The Prainha do Canto Verde Extractive Reserve (Reserva Extrativista Prainha do Canto Verde) is a marine extractive reserve in the state of Ceará, Brazil.

==Location==

The Prainha do Canto Verde Extractive Reserve is in the municipality of Beberibe, Ceará.
It has an area of 29794 ha.
The reserve occupies a narrow strip of the coastal plain and an area of sea extending to the northeast.
It is located a few kilometres northwest of the tourist community of Canoa Quebrada.

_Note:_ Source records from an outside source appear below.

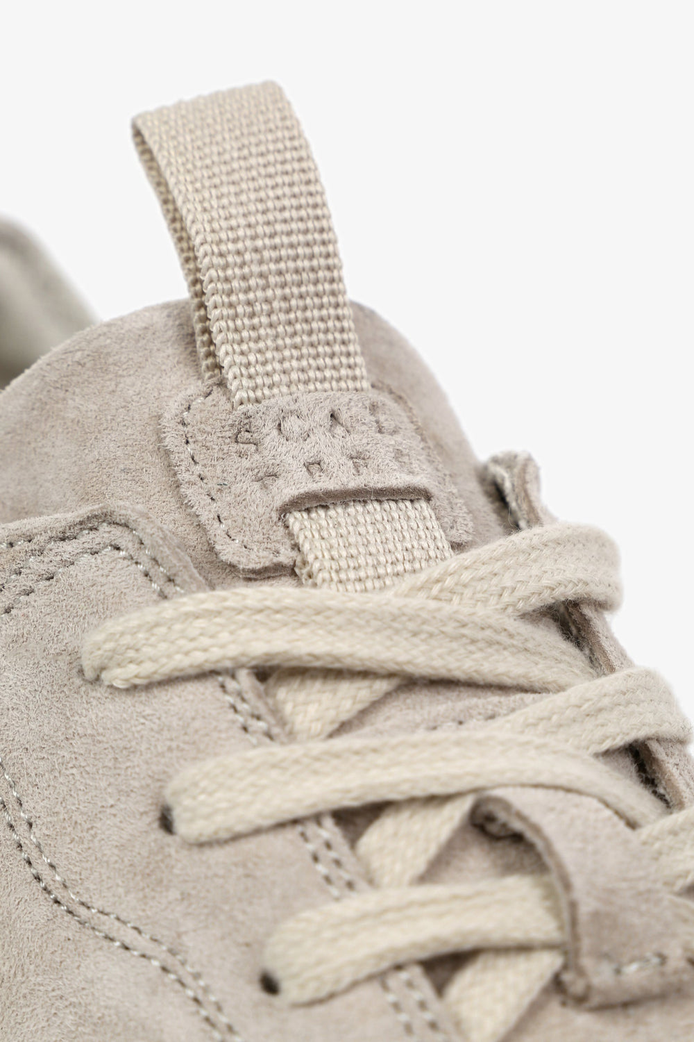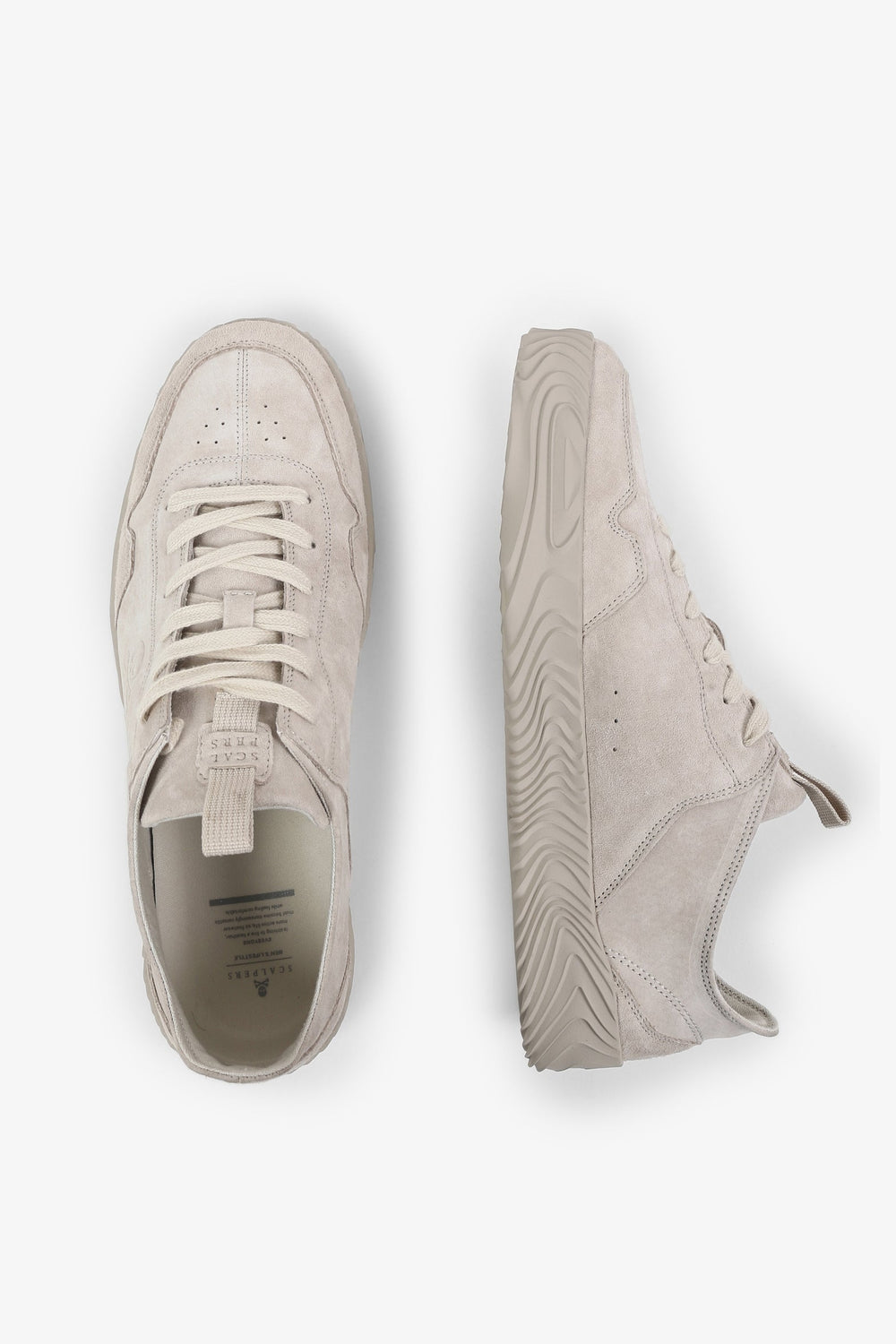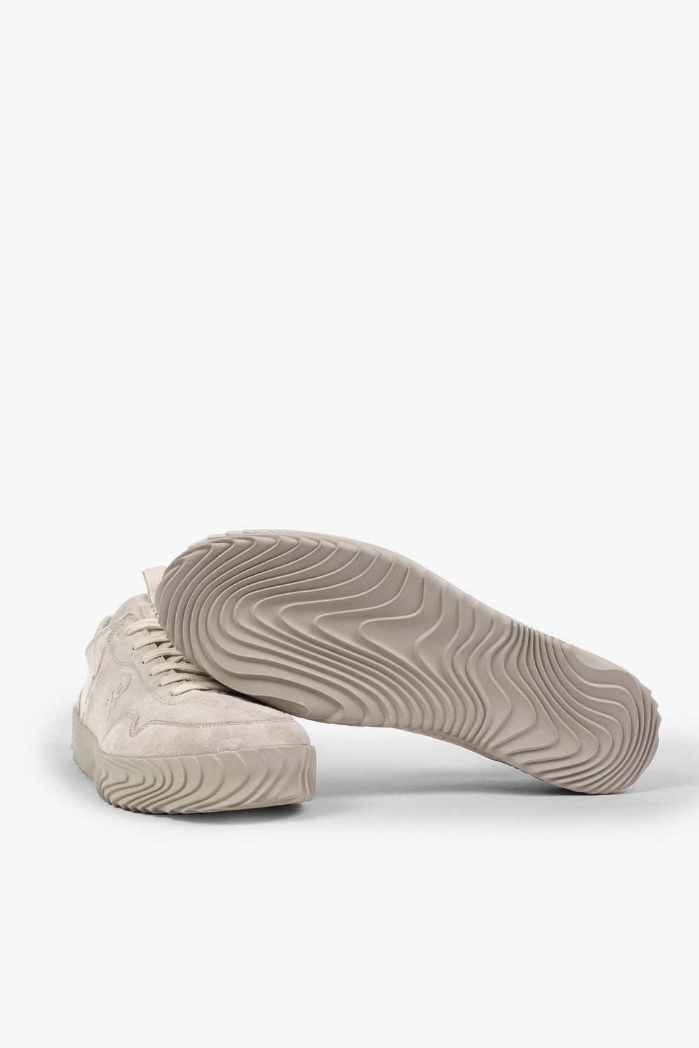 Sneakers baja confeccionadas en tejido 100% piel terminadas en ante. Cierre con cordones a tono y suela de goma. Detalle de calavera lateral.
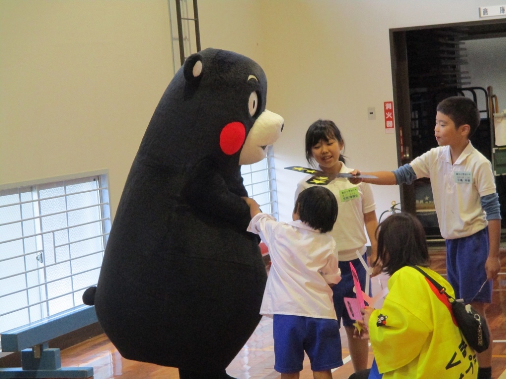 どんどん打ち解けていって最後はくまモン先生から離れない子供たちでした。
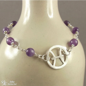 Znaki zodiaku - RYBY i ametyst - bransoletka
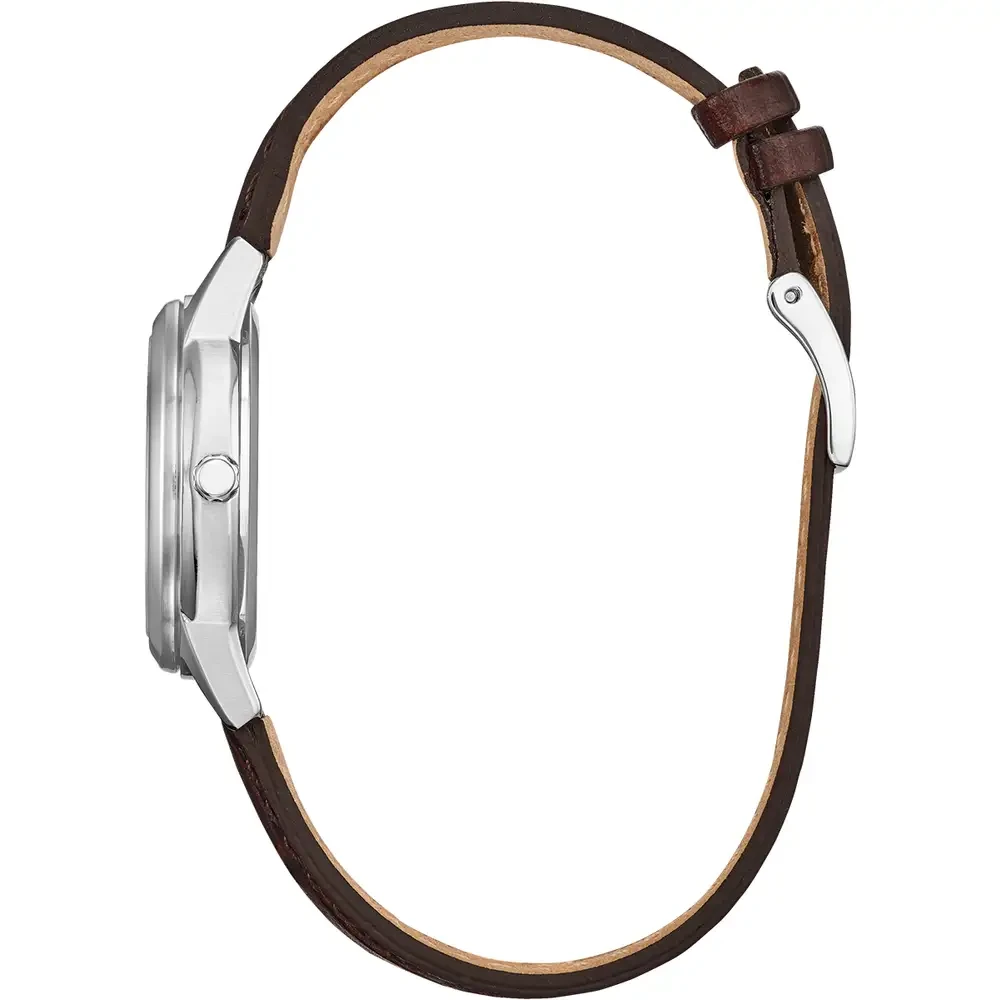 Timeless appeal that never goes out of style, this 30mm Ladies’ Strap timepiece is styled with a leather strap, silver-tone dial with date display and roman numerals at 12 and 6 o’clock. With Eco-Drive technology, this watch is sustainably powered by any light and never needs a battery.
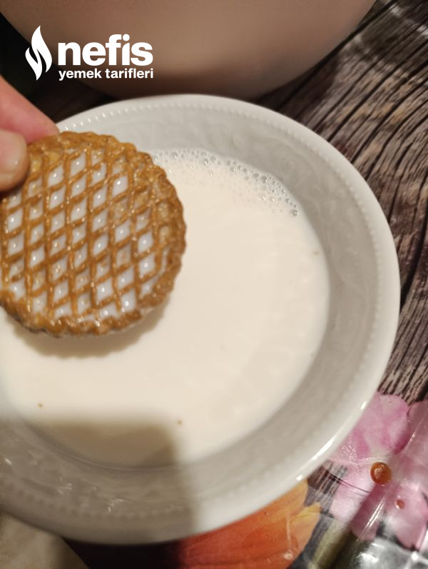 4. Bisküvileri fırın tepsisine sütle ıslatıp dizelim tek tek.

The environment is characterised by coral reefs and coraline algae, and seems to still be in good condition.
The coastal biome includes the typical coastal plain, a strip of beach, dunes and secondary forest, and natural and artificial reefs.
The reserve is located beside the main estuaries of the region, which provide a constant supply of nutrients and organic matter, resulting in a significant source of biological resources for the local population, whose main occupation is fishing along the northeast coast from boats, rafts and catamarans.
The main threats to the residents are the growth of hotels and real estate holdings.

==History==

The area has been inhabited by fishermen since 1870.
Starting in the late 1970s real estate speculators began to buy property from the local residents, anticipating the future potential for tourist resorts.
The local residents began to organise in 1991 with support of the Friends of Prainha do Canto Verde Foundation.
A nursery that the community started to build was destroyed by thugs, and residents who planned to build brick houses received threats.
The struggle to create the reserve began in 2001, demanded by the Residents Association of Prainha do Canto Verde to protect the area where they live and fish.
Various reports were prepared on the coastal ecosystem, lifestyle, culture and economy of the local people.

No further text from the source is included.